◆ EXERCISE INSTRUCTIONS: What you should give back is a precise copy of the lines below from the one containing "To investigate metabolic" through the one containing "lot. Highly upgraded", with no pictures.

◆ RECORD SET:
☆ ☆ ☆ ☆ ☆ ☆ ☆
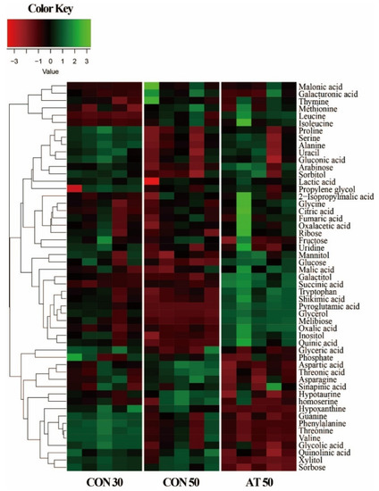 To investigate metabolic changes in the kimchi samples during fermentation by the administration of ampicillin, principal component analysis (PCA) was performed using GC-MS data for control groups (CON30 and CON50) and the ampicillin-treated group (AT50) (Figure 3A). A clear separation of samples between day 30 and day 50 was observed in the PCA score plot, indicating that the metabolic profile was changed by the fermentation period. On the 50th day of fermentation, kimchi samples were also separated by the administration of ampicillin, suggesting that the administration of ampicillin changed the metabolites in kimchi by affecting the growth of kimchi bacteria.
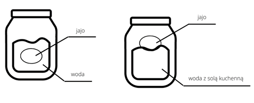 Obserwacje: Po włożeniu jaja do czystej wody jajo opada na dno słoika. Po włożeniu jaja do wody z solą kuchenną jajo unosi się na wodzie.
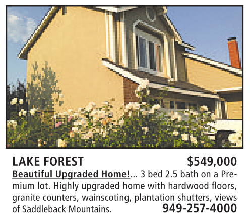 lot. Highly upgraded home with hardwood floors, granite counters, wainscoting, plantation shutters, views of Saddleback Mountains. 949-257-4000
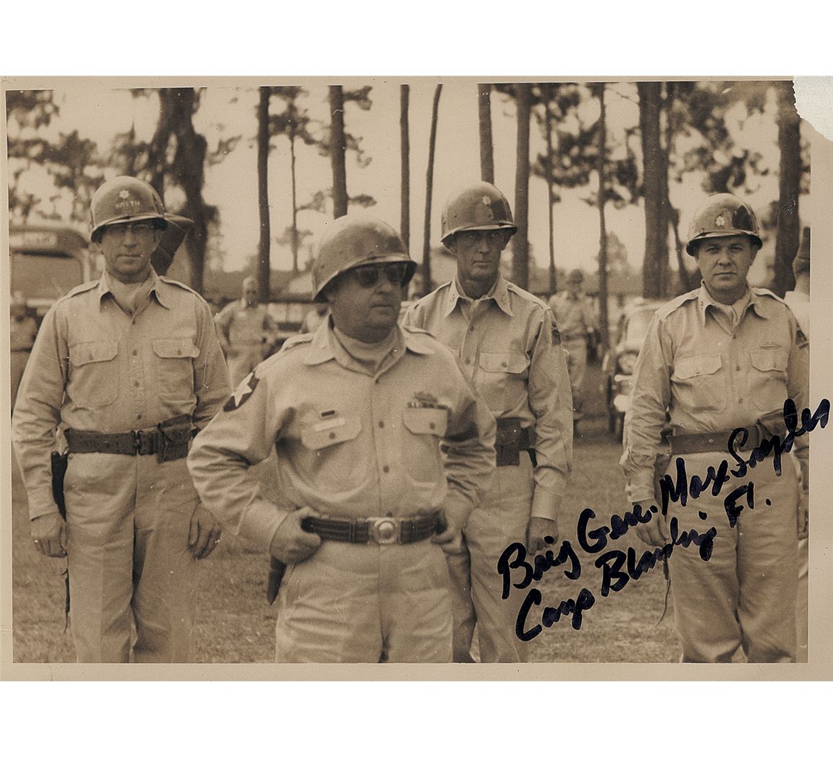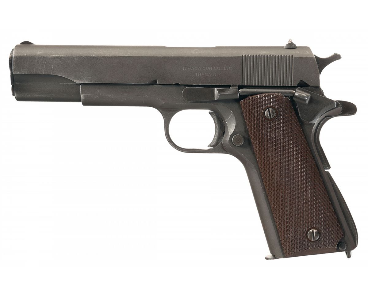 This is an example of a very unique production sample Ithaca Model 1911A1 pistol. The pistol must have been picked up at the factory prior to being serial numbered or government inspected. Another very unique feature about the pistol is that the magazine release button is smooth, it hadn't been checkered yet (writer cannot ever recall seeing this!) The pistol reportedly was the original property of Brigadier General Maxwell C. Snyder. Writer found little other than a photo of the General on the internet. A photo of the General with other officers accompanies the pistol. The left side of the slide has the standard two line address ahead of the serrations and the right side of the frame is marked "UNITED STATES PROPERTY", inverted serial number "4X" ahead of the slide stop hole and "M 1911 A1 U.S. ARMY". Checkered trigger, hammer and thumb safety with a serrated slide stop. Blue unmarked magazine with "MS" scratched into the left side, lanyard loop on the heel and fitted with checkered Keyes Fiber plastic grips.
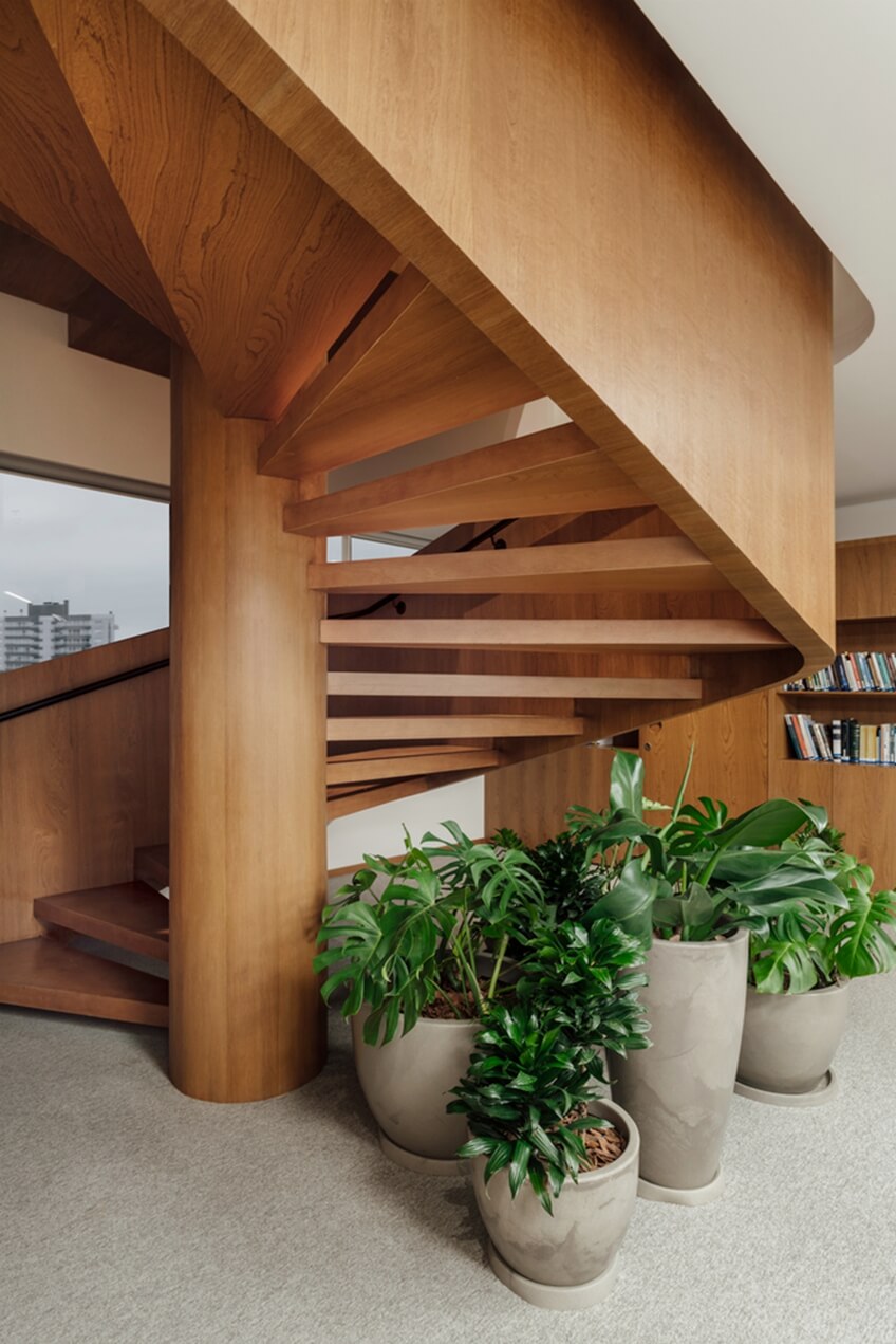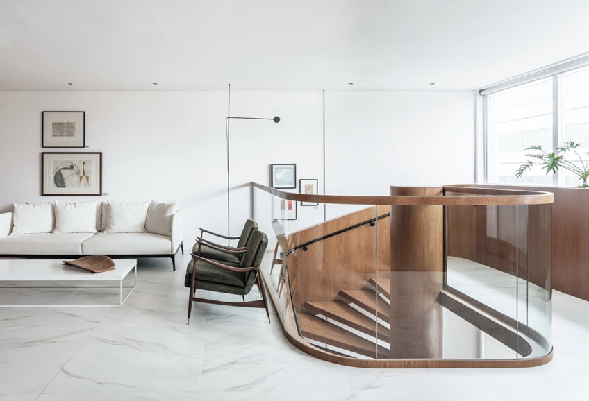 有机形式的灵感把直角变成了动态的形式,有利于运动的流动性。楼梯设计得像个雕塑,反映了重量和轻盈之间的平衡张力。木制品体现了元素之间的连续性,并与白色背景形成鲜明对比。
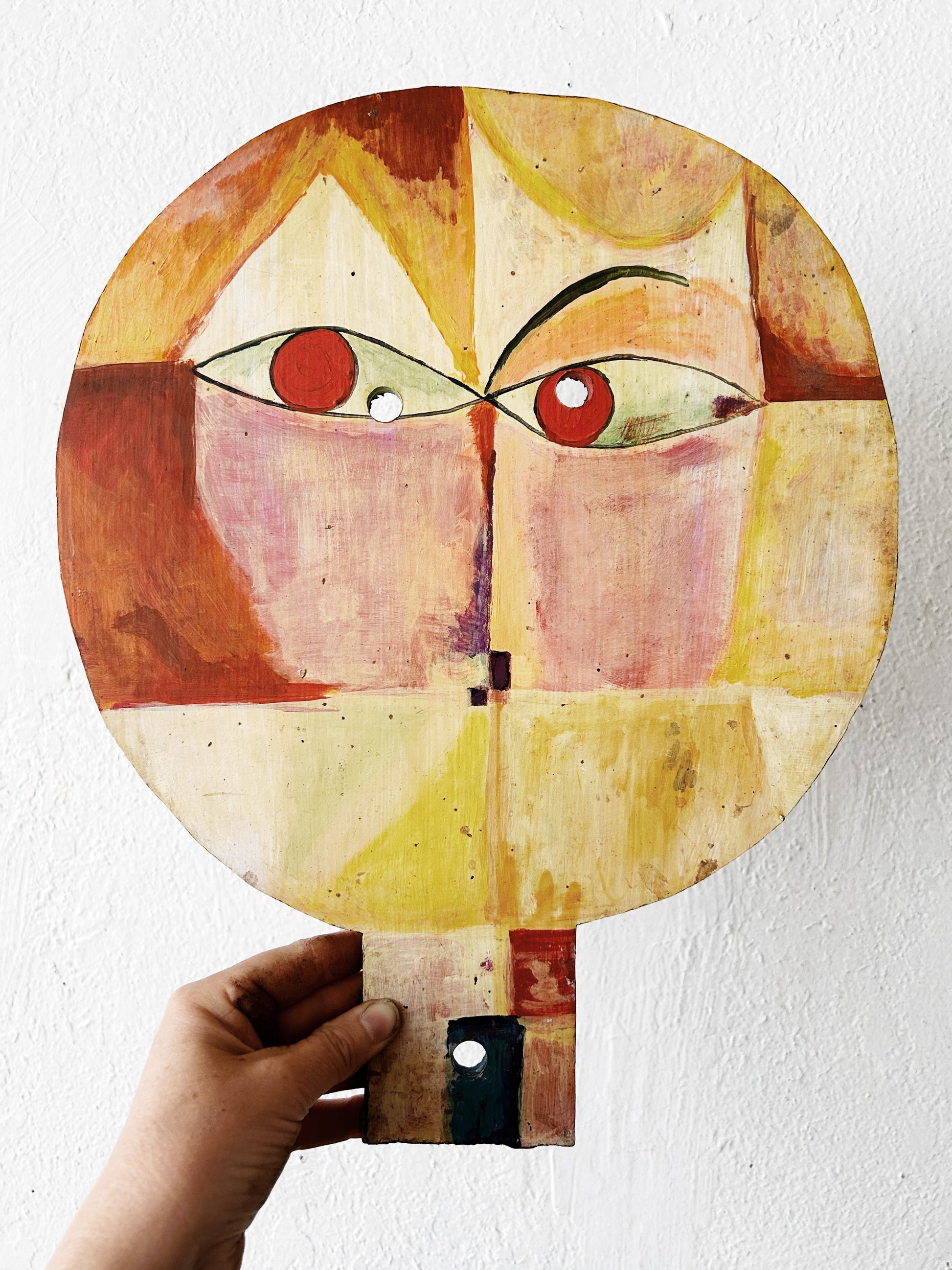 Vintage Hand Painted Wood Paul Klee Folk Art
☆ ☆ ☆ ☆ ☆ ☆ ☆
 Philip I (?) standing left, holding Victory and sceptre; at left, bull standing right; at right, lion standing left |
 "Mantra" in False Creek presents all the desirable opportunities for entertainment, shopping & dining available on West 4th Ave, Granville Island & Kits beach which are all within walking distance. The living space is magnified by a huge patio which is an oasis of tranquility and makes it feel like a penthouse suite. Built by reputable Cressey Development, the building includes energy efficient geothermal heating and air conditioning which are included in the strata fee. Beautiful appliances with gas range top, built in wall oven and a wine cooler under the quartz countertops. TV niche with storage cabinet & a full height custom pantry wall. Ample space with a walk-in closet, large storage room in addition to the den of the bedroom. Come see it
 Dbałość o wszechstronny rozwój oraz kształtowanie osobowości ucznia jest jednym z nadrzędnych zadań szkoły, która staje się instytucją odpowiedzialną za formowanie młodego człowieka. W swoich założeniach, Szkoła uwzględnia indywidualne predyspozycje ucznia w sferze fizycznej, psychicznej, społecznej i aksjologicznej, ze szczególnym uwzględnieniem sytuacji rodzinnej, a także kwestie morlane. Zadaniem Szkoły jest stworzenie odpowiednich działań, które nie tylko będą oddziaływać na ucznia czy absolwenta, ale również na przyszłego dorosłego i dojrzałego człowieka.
☆ ☆ ☆ ☆ ☆ ☆ ☆
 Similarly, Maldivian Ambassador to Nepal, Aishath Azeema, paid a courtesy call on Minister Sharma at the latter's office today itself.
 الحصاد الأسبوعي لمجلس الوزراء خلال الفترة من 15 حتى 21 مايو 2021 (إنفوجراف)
☆ ☆ ☆ ☆ ☆ ☆ ☆
◆ EXERCISE RESULT:
 To investigate metabolic changes in the kimchi samples during fermentation by the administration of ampicillin, principal component analysis (PCA) was performed using GC-MS data for control groups (CON30 and CON50) and the ampicillin-treated group (AT50) (Figure 3A). A clear separation of samples between day 30 and day 50 was observed in the PCA score plot, indicating that the metabolic profile was changed by the fermentation period. On the 50th day of fermentation, kimchi samples were also separated by the administration of ampicillin, suggesting that the administration of ampicillin changed the metabolites in kimchi by affecting the growth of kimchi bacteria.
 Obserwacje: Po włożeniu jaja do czystej wody jajo opada na dno słoika. Po włożeniu jaja do wody z solą kuchenną jajo unosi się na wodzie.
 lot. Highly upgraded home with hardwood floors, granite counters, wainscoting, plantation shutters, views of Saddleback Mountains. 949-257-4000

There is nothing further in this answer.